In this episode, we start transforming the current application into a Web API, so it can be used in the single page application we’ll be developing.

For the walk-through you can check the next video, but if you prefer a quick read, skip to the written synthesis.

The playlist for the whole series is here.

Intro

So far we’ve been building a server side rendered MVC application. The goal of this project however, is to end up with a single page application that handles most of the UI needs. To achieve this, we will transition this MVC application into a Web API, so it and other components we build in the future can be used by the SPA (or other components that may require it).

Also, a note on me calling this a Web API or an HTTP API and not a REST API. I don’t want to annoy anyone by calling it a REST API while not implementing it following all the requirements that implies, including, but not only, hypermedia. Let’s say it’s a RESTish API (😛), as it implements what most expect from it, but is not fully compliant to be called REST.

Remove unneeded bits

Since we’re moving to a Web API, there are some things that we have no more need and can cleanup/adjust namely:

  • Remove views
  • Replace AddMvc with AddMvcCore, adding only needed MVC features
  • Inherit from ControllerBase instead of Controller

Regarding the first one, there’s not much to say, just delete the folder with the views as we won’t be needing them anymore.

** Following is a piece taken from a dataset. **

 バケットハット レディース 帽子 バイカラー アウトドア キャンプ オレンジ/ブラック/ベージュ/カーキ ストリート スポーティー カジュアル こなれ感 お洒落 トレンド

Regarding the others, let’s get into more detail.

Replace AddMvc with AddMvcCore

AddMvc registers in the DI container MVC’s services, the ones it surely requires and some that it might. To do this it calls AddMvcCore and adds some more things. We can avoid registering unneeded services by calling AddMvcCore directly, plus any other MVC services we know we need.

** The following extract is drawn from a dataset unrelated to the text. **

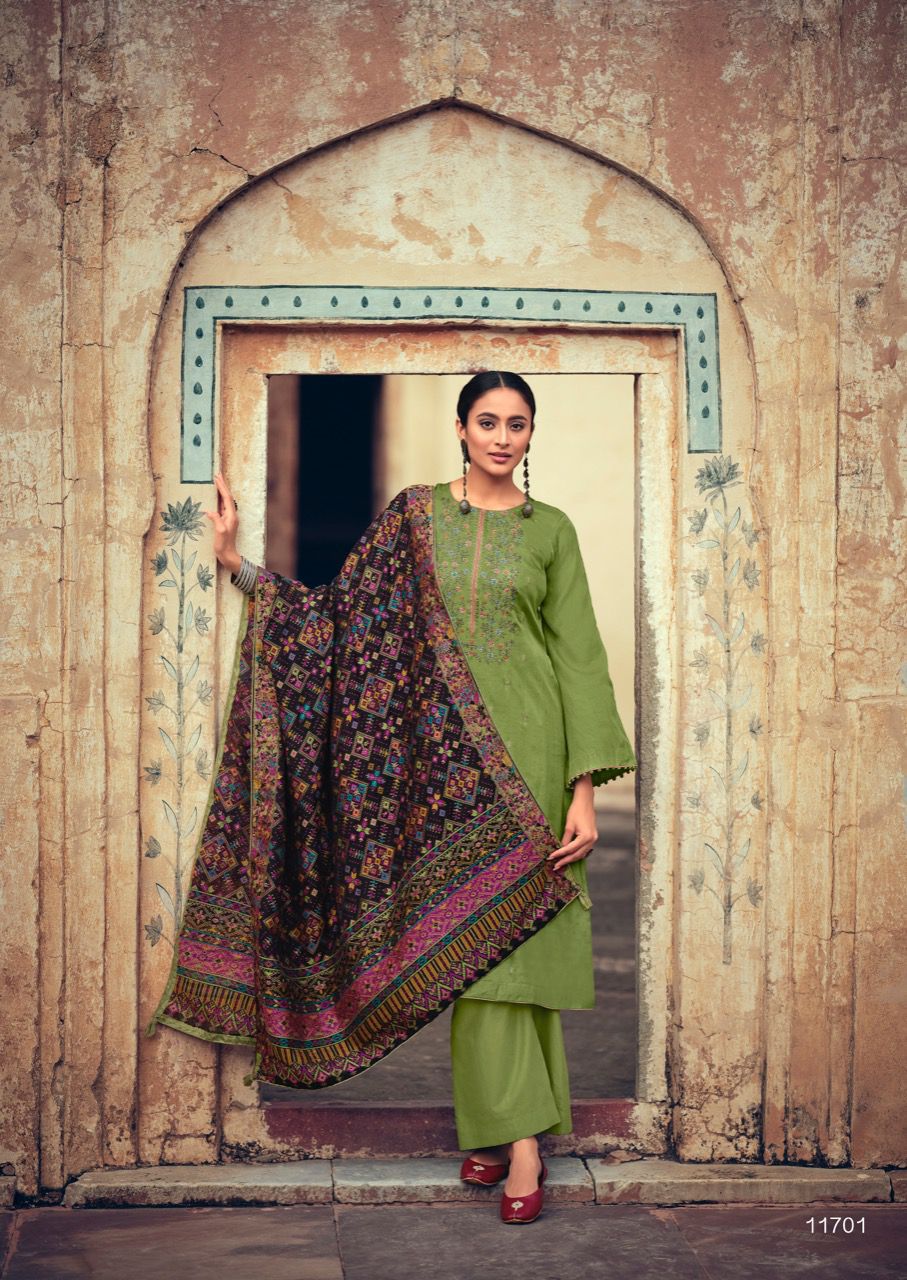 Top – Tussar silk with embroidery Bottom – Dull santoon Dupatta – Pure viscose meena weave Jacquard DESIGNS:- 6 Rate – 1499/- + GST Special pouch packing |

Will this have an impact on performance? Probably not that much (didn’t measure it though), but since we’re at it, we remove some unused bits and take a better look at some of the available MVC features. Most of the time though, keep AddMvc and don’t worry about it 🙂

Let’s take a look at the MvcServiceCollectionExtensions.cs file on GitHub, where AddMvc is defined.

// ...

public static class MvcServiceCollectionExtensions
{
    /// <summary>
    /// Adds MVC services to the specified <see cref="IServiceCollection" />.
    /// </summary>
    /// <param name="services">The <see cref="IServiceCollection" /> to add services to.</param>
    /// <returns>An <see cref="IMvcBuilder"/> that can be used to further configure the MVC services.</returns>
    public static IMvcBuilder AddMvc(this IServiceCollection services)
    {
        // ...

        var builder = services.AddMvcCore();

        builder.AddApiExplorer();
        builder.AddAuthorization();

        AddDefaultFrameworkParts(builder.PartManager);

        // Order added affects options setup order

        // Default framework order
        builder.AddFormatterMappings();
        builder.AddViews();
        builder.AddRazorViewEngine();
        builder.AddRazorPages();
        builder.AddCacheTagHelper();

        // +1 order
        builder.AddDataAnnotations(); // +1 order

        // +10 order
        builder.AddJsonFormatters();

        builder.AddCors();

        return new MvcBuilder(builder.Services, builder.PartManager);
    }

    private static void AddDefaultFrameworkParts(ApplicationPartManager partManager)
    {
        var mvcTagHelpersAssembly = typeof(InputTagHelper).GetTypeInfo().Assembly;
        if (!partManager.ApplicationParts.OfType<AssemblyPart>().Any(p => p.Assembly == mvcTagHelpersAssembly))
        {
            partManager.ApplicationParts.Add(new FrameworkAssemblyPart(mvcTagHelpersAssembly));
        }

        var mvcRazorAssembly = typeof(UrlResolutionTagHelper).GetTypeInfo().Assembly;
        if (!partManager.ApplicationParts.OfType<AssemblyPart>().Any(p => p.Assembly == mvcRazorAssembly))
        {
            partManager.ApplicationParts.Add(new FrameworkAssemblyPart(mvcRazorAssembly));
        }
    }
    
    // ...
}

I cleaned up some parts of the file that aren’t really needed for what we’re looking for right now.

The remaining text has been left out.